Si le refoulement de conflits déplaisants est incontestable chez soi, ainsi que nous l’avons vu, il n’intervient pas sur la partie la plus authentique de vous-même, qui au contraire a tout loisir à se déployer, au moins dans la chambre sinon dans le salon et dans la décoration que vous avez choisie.
Ce que cette liberté d’aménagement comme bon vous semble permet, c’est l’approfondissement du regard sur vous et l’épanouissement de votre subjectivité. En posant un tableau là, en repeignant ici, vous circulez comme un roi et une reine entre vos sentiments et idées. Vous apprenez sur vous, vous laisser attarder davantage sur vous et à savourer le partage de votre vécu avec vos proches.
Dans la maison, la notion d’apparence n’a pas ce sens péjoratif qu’on lui attribue d’habitude. L’ornementation n’est pas forcement l’opposé de la profondeur. Le faux n’est plus le contraire du vrai, mais un autre vrai. Ainsi la maison change le sens de nombre de choses. Il convient d’aller plus loin que de la visiter. Plus que l’habiter ou vous l’approprier, il vous faut la sentir vibrer. Vous y serez alors au plus près de vous-même.

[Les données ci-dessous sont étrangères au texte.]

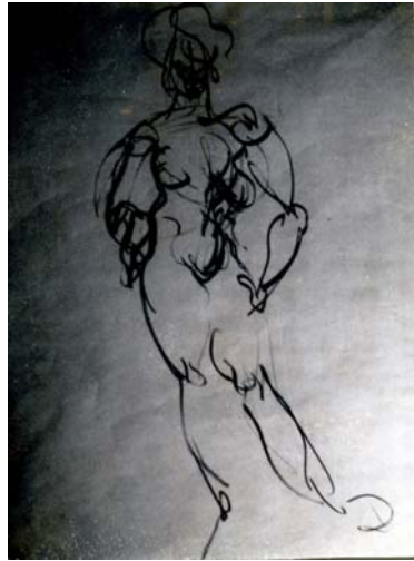
1969, Art Students League, live drawing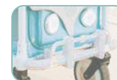
Removable Front Bumper to Store a Skateboard

For the most up to date information, please visit: www.wonderfold.com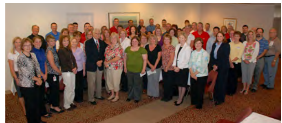
Employees of Marathon Petroleum Co. in Findlay who are graduates or current students of The University of Findlay gathered for a luncheon on Sept. 2.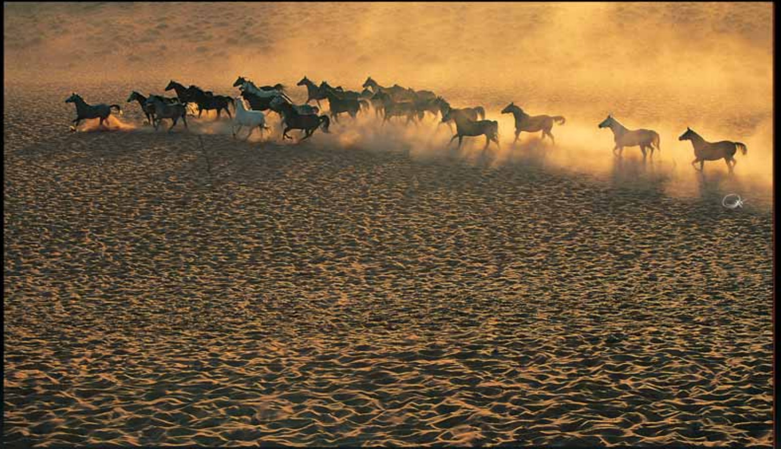
Al Janadriyah Farm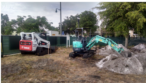
Digging air sparge and soil vapor extraction wells at the Northwood Anchor site.

New Brownfields Project in West Palm Beach: DES will partner with the City of West Palm Beach to implement a $200,000 clean-up project on the 1400 block of Henrietta Avenue in the City's Coleman Park neighborhood. The 1.5 acre site sits adjacent to properties which previously housed a lumber yard, petroleum station, refineries, auto repair shops, and a dry cleaning business. The clean-up project will facilitate redevelopment of the site into an urban garden, operated by Urban Growers Community Economic Development Corporation. The garden is expected to serve as a community food hub, providing access to fresh produce for the 1,700 residents who live in the Coleman Park neighborhood.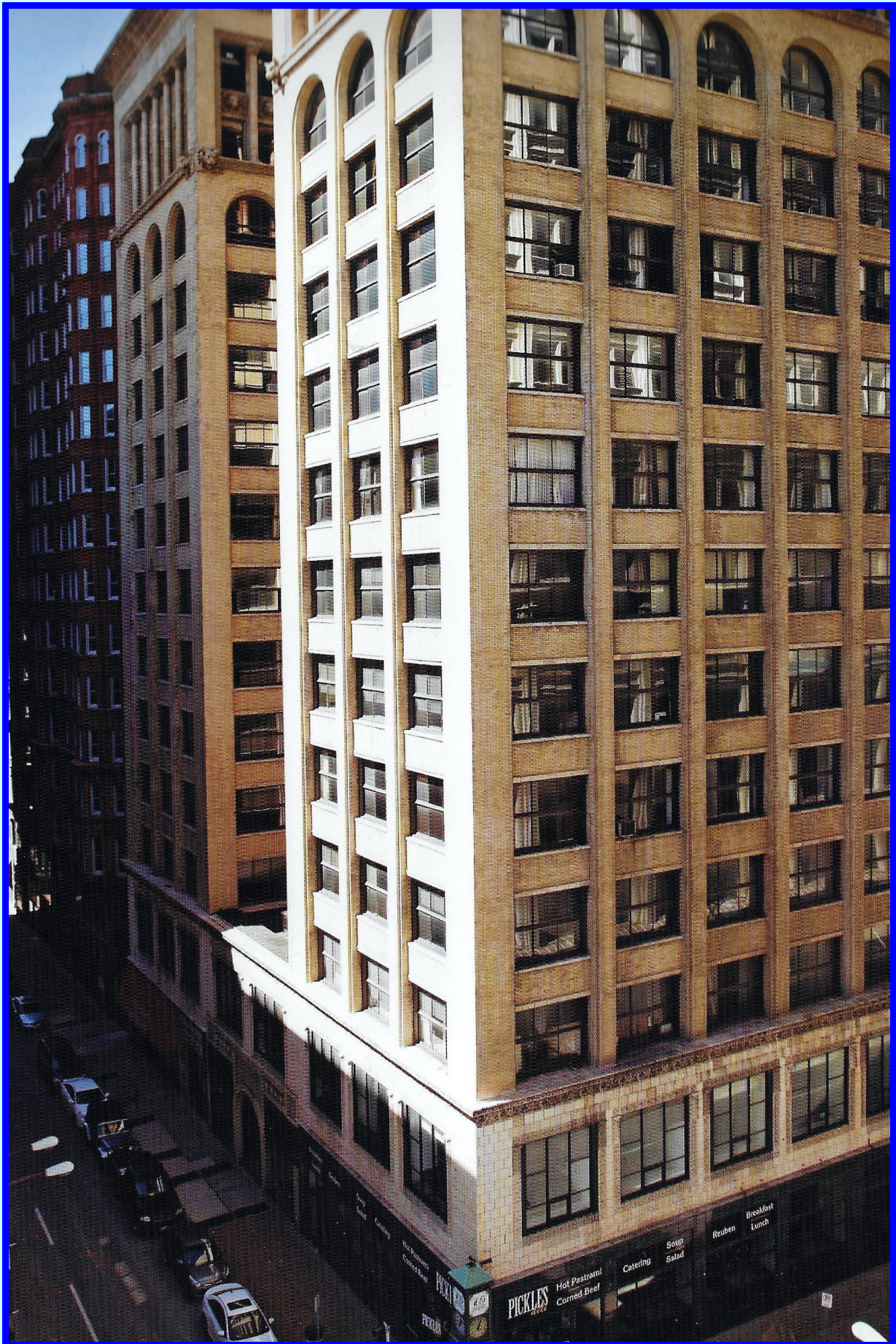
The Union Trust with the Railway Exchange and Chemical Bank buildings behind.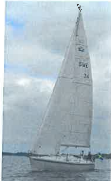
Self-tacking jib with glider batten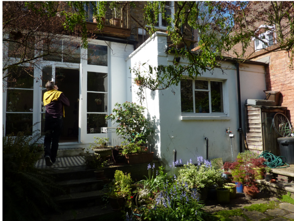
04_EXISTING REAR EXTENSION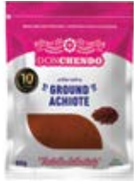
Don Chendo Ground Achiote 15/80g CASE CODE: SEA107-5

La maison est un lieu voué au culte du bien-être ; pour cela on la construit, on la bichonne. Mais l’on ne saisit pas l’intérêt de cette perspective sans remarquer combien elle requiert de soin pour le rendre cohérente avec ce que nous sommes avec notre corps, nos besoins, nos désirs, qui exigent tant de nous.
[1] S. Freud, Malaise dans la civilisation, Paris, PUF, 1929.
[2] C. Parat, L’affect partagé, Paris, PUF, 1995.
[3] B. de Spinoza, Ethique, 1677, op. cit.
[4] S. Freud (1927) L’humour, tr. fr. in Le mot d’esprit et ses rapports avec l’inconscient, et L’humour, Paris, Gallimard, 1930.